Любовь гонит одну тень к другой, не давая передохнуть и оглянуться, — так некогда она гнала нагую Суламифь к ложу Соломона, так свежий ветер несет сухую траву к пожару.
И однажды — остановись, мгновение… — ей приснилось, что он пришел.
А годы шли.
В один из дней увядшие губы в последний раз произнесли имя, под которым, как под солнцем, протекла вся жизнь.
Вдохнув столь глубоко воздух Индии, мы психологически облегчили себе задачу ответа на вопрос, вынесенный в заглавие. Ибо за внешним своеобразием вскрылась общечеловеческая основа, управляемая во всех областях, а значит и в языке, точными и неотвратимыми внегеографическими законами.
Итак, Дабавкара. Кто он такой, тот, кого упоминает лоцман Ахмад ибн Маджид в главе об истории мореплавания, открывающей энциклопедическую «Книгу польз в рассуждении основ и правил морской науки»?
«В их время[48]
среди знаменитых капитанов были Абдальазиз сын Ахмада с Запада, Муса Кандаранский и Маймун сын Халила. До них сочинял Ахмад сын Табруи, львы же моря заимствовали из его сочинений и переняли описание у капитана Хавашира сына Юсуфа сына Салаха Арикского; последний в четырехсотом году от Переселения Пророка[49] и близко к тому плавал на судне индийца Дабавкары…».Первооткрыватель арабских мореходных рукописей Габриэль Ферран пытался связать это имя с названием порта Дибругарх.
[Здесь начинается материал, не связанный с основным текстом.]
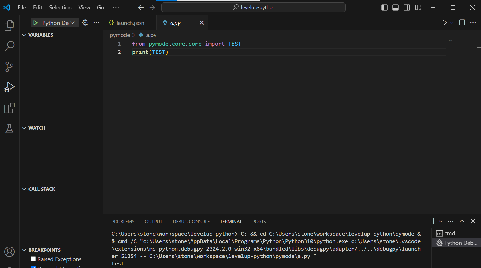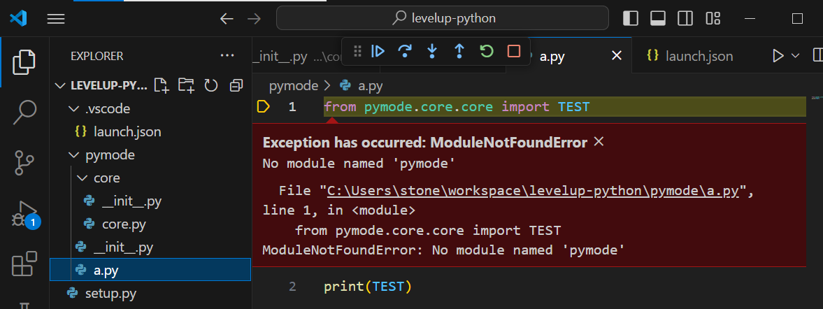 이러한 에러를 방지하기 위해서는 launch.json 파일에 PYTHONPATH 설정을 하면 됨

Однако дальний континентальный порт в среднем течении Брахмапутры не знаком арабской навигационной литературе, откуда следует заключить, что вряд ли он имел существенное значение для морской торговли.
Что же тогда?
И тут я зрительно вспомнил слово dhow английских словарей со значением «одномачтовое арабское судно с треугольным парусом». Если рассечь «дабавкара» пополам и сопоставить первую половину — «дабав» — с dhow, то налицо разительное совпадение начальных и конечных звуков, а деформацию средней части легко объяснить неудобной фонетической позицией, которую занимает «б» между неударным гласным и вторым губным звуком; будучи ослабленным, этот звук «тянет на себя», т. е. ассимилирует с собой сильное «б», а затем как бы поглощает его; однако здесь нет бесследной гибели, «эйч» (h) в английском dhow высится как памятник растворившемуся слогу. Хорошо, но «…арабское судно…» и «индиец Дабавкара»… Все могло быть, конечно, а вот не избавиться от какой-то внутренней неловкости: что-то здесь не то. Да, английские же, но уже этимологические словари — Скит 1910 г., Уикли 1921 г. — подтверждают: не то. Они отрицают арабское происхождение dhow и возводят это слово к западно-индийскому языку маратхи, куда оно, возможно, проникло из санскрита.